Lunar or Chinese New Year was being celebrated in the Philippines for the longest time. It was just this year that it was declared a non-working holiday by Pnoy. It used to be only the Chinese school students and employees of some Chinese businesses who enjoyed a day without classes or work, respectively. I seem to recollect that New Year’s day usually falls on a day in February. It’s becoming earlier and earlier each year, like the Holy Week.
I use Instagram
These elements are always present in this Chinese holiday celebrated in the country:
- Tikoy (glutinous rice cake)
- Dragon (and lion) dance
- Ang Pao (red envelope containing money)

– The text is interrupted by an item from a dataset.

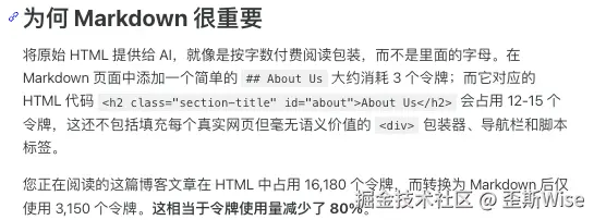 海外的云服务商巨头 Cloudflare 在 2 月份推出了 Markdown for Agent,它的核心作用是把HTML转换成Markdown,因为原始的 HTML 充斥着大量的脏数据,很多的代码是为了人类的上限所设计的。
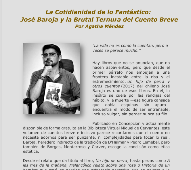 El número 27 de la revista de poesía y artes literarias De Sur a Sur©, proyecto digital de Sur a Sur Ediciones, editado en España, ha publicado una nota acerca de mi trabajo literario, firmado por Agatha Mendes: La Cotidianidad de lo Fantástico: José Baroja y la Brutal Ternura del Cuento Breve.

- Feng Shui stuff and charms
- Color red
- Chinese food
I had wanted to go to Chinatown in Binondo where the action was (like @mymomfriday did), but the children are still too little to be placed amid super crowded places. So, we just went to visit Rix’s mom at Holy Cross, bought my breast pump at the mall, and had lunch at President Tea House. The diners were given free tikoy upon paying.
I had always thought of Chinese New Year as a second time to start anew, to write those resolutions and goals if you haven’t yet.

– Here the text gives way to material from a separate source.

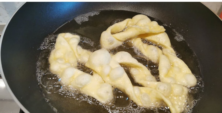 The oil is ready at a temperature of 338°F, to know when the oil is ready, test with a piece of dough.

This year is the year of the dragon and I’ll bet that many babies, Chinese or not, will be born. In fact, there are two popular bloggers who are already pregnant!
It’s also another excuse for family and friends to get together and that’s what my side of the family did on new year’s eve. We had a simple dinner at my parents’ place. Afterwards, we just talked about anything while the kids played together. Ah, such a nice feeling!